WHAT IS REQUIRED: If the records below hold pictures, omit them, and print exactly the lines from the first line through the line containing "焼きそばパン、ホットドッグ", inclusive.

Data records:
══════════════════════════════

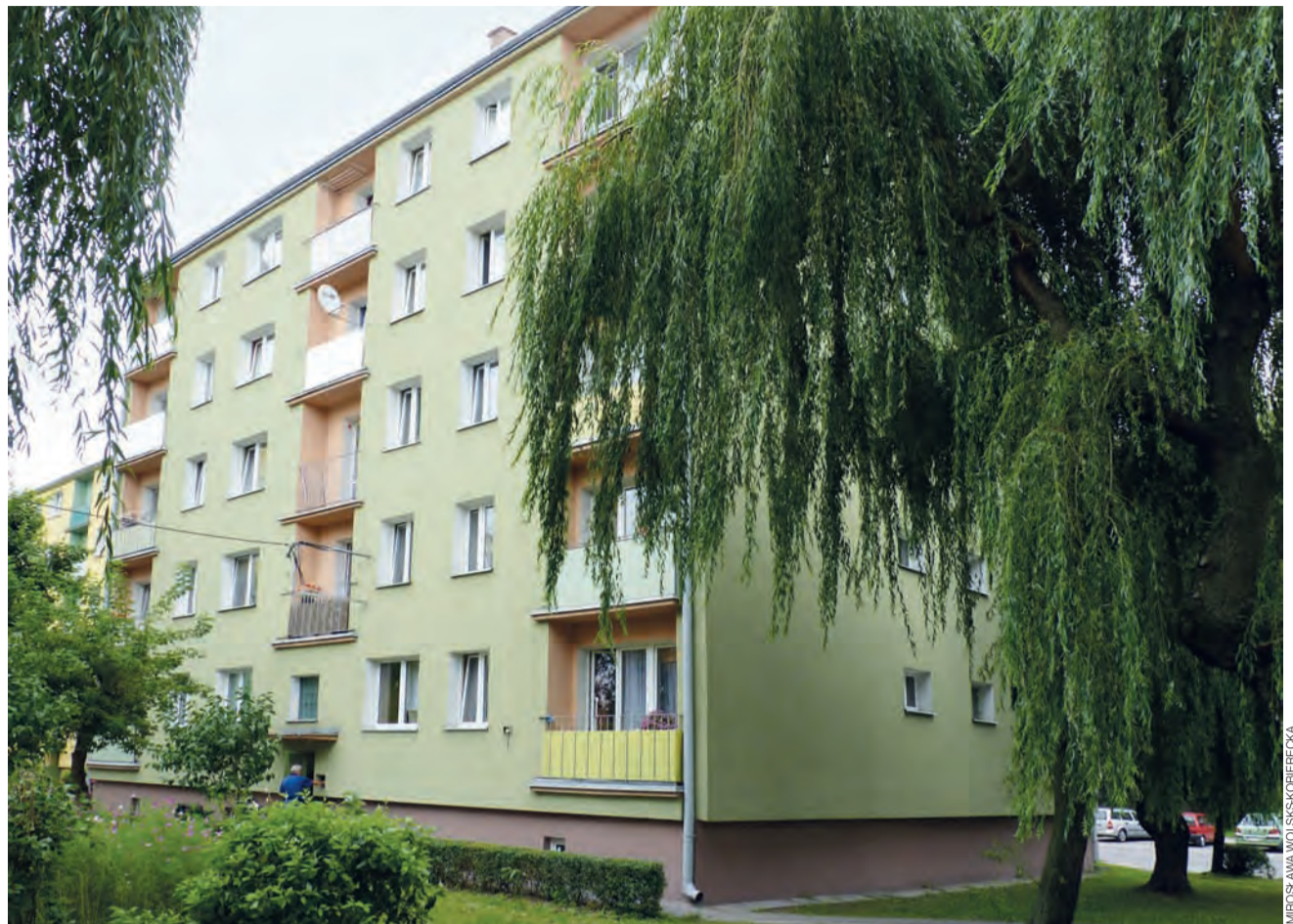
Decydując się na zakup mieszkania, warto wziąć pod uwagę nie tylko wygląd zewnętrzny bloku i osiedla, piętro, ilość pokoi i cenę, ale też czynsz. Jak się okazuje, różnice w opłatach w Łowiczu są bardzo wysokie. A to stałe obciążenie każdego domowego budżetu.

jaką temperaturę chcą mieć w mieszkaniu, ale też od kiedy chcą mieć ciepłe kaloryfery. Centralne ogrzewanie można włączyć w dowolnym miesiącu.
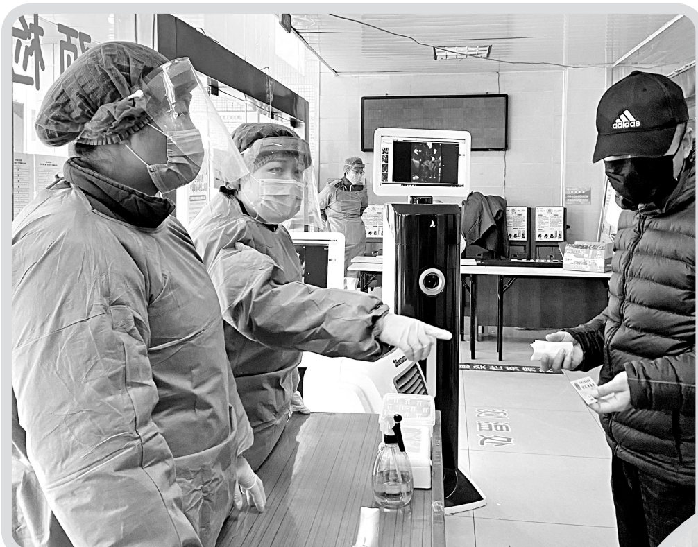
↑4月12日，安阳地区医院工作人员在门诊对入院患者进行实名登记。

今年4月15日是我国第五个全民国家安全教育日。今年的活动主题是“坚持总体国家安全观，统筹传统安全和非传统安全，为决胜全面建成小康社会提供坚强保障”。
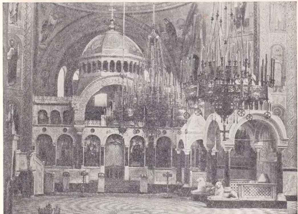
ГЛАВНЫЙ АЛТАРЬ СОФИЙСКОГО КАФЕДРАЛЬНОГО СОБОРА ВО ИМЯ СВ. БЛГВ. КНЯЗЯ АЛЕКСАНДРА НЕВСКОГО
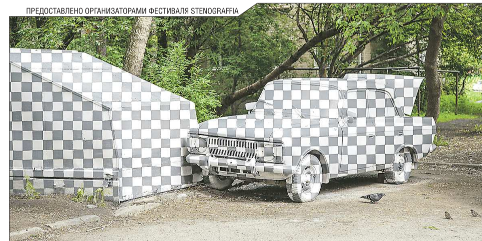
Заброшенная машина, о которой хозяин и думать забыл, в российских дворах – не редкость. При помощи уличных художников «удалили» бесхозный автомобиль
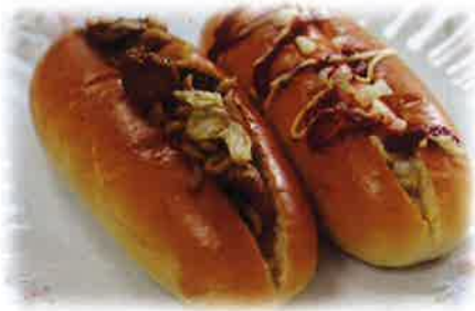
焼きそばパン、ホットドッグ

「そろそろ《GO TO OT イベント》やりませんか?」との要望があり、カフェレストラン茶居花の協力を得て6月8日(水)『第2弾パン祭り』を開催しました。
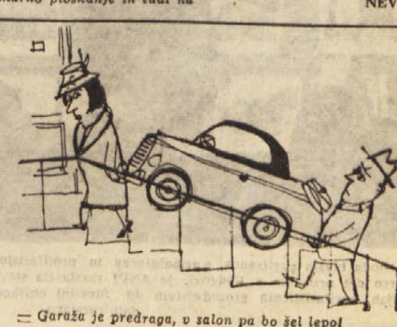
Garaja je predraga, v salon pa bo šel lepota. — NEVA

Beograščanke so pa bile pretekle dni deležne posebne sreče — ogledale so si lahko od blizu kar 48 manekenk šestih narodnosti, ki so jim na Drugem mednarodnem festivalu ženske mode prikazale bleščake mode najslavnejših modnih hiš. To je bil dogodek ne samo za ženske, temveč tudi za moški svet, hkrati pa tudi za novinarje, ki so se v tistih dneh zbrali v Beogradu z vseh vetrov sveta.
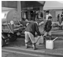
給水車による給水
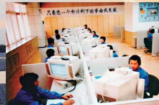
1989年, 山东电力在全国电力系统率先开通24小时免费服务热线。

2021年12月30日, 世界单体最大水上漂浮式光伏电站——华能德州丁庄水库320兆瓦项目合容量并网发电。
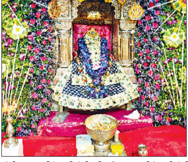
बेरी। माता भीमेश्वरी देवी की प्रतिमा, मां भीमेश्वरी देवी मंदिर में माता के दर्शनों के लिए उमड़ी लोगों की भीड़।
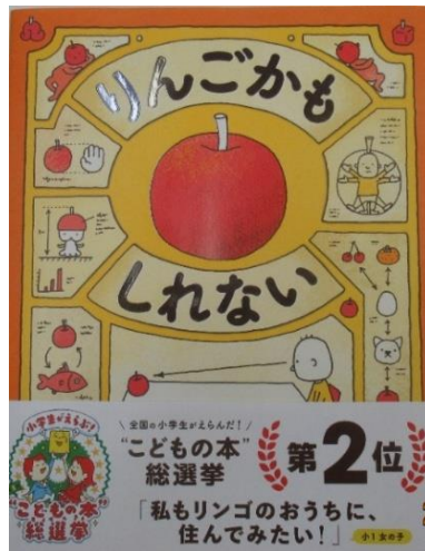
“こどもの本” 総選挙 第2位 りんごかも しれない 作：ヨシタケシンスケ
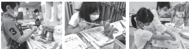
▲粘土で形づくり ▲色付け ▲釉薬(ゆうやく)がけ

夏休みの人気教室のひとつである同教室。今年は8人の子どもたちが作品作りに挑戦しました。自分でスケッチした動物の絵を見ながら、粘土をこねて形作り、色付け、釉薬*がけ、陶芸窯に入れて焼く、といった一連の工程を体験しました。最後は展示室で自分の作品を並べ、工夫して飾りつけをしました。時間をかけたものづくりを通して、その大変さ、面白さ、難しさ、達成感を感じつつ、教室を無事終えることができました。
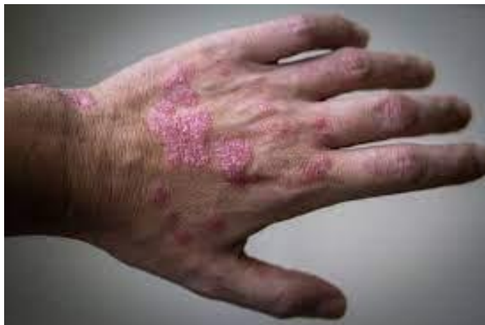
Slika 4. Prikaz nastalih plakova tijekom psorijaze

Za sve kožne promjene koje se pojavljuju pribrajaju se psorijazi. Ona može biti vulgarna, inverzna, eruptivna i generalizirana pustularna psorijaza, palmoplantarna pustuloza te eritrodermija. Najčešća od nabrojanih koja se pojavljuje u 90% slučajeva je vulgarna psorijaza. Kod takve psorijaze dolazi do nastajanja plakova (slika 4) koji su prekriveni srebrnim ljuskama. Najčešća mjesta na kojima je vidljivo su ekstenzorni dijelovi udova, vlasište, lumbosakralno područje i periumbilikalna regija. Plakovi se mogu spajati te prekriti veće površine kože.

══════════════════════════════

EXPECTED ANSWER:
Decydując się na zakup mieszkania, warto wziąć pod uwagę nie tylko wygląd zewnętrzny bloku i osiedla, piętro, ilość pokoi i cenę, ale też czynsz. Jak się okazuje, różnice w opłatach w Łowiczu są bardzo wysokie. A to stałe obciążenie każdego domowego budżetu.

jaką temperaturę chcą mieć w mieszkaniu, ale też od kiedy chcą mieć ciepłe kaloryfery. Centralne ogrzewanie można włączyć w dowolnym miesiącu.
↑4月12日，安阳地区医院工作人员在门诊对入院患者进行实名登记。

今年4月15日是我国第五个全民国家安全教育日。今年的活动主题是“坚持总体国家安全观，统筹传统安全和非传统安全，为决胜全面建成小康社会提供坚强保障”。
ГЛАВНЫЙ АЛТАРЬ СОФИЙСКОГО КАФЕДРАЛЬНОГО СОБОРА ВО ИМЯ СВ. БЛГВ. КНЯЗЯ АЛЕКСАНДРА НЕВСКОГО
Заброшенная машина, о которой хозяин и думать забыл, в российских дворах – не редкость. При помощи уличных художников «удалили» бесхозный автомобиль
焼きそばパン、ホットドッグ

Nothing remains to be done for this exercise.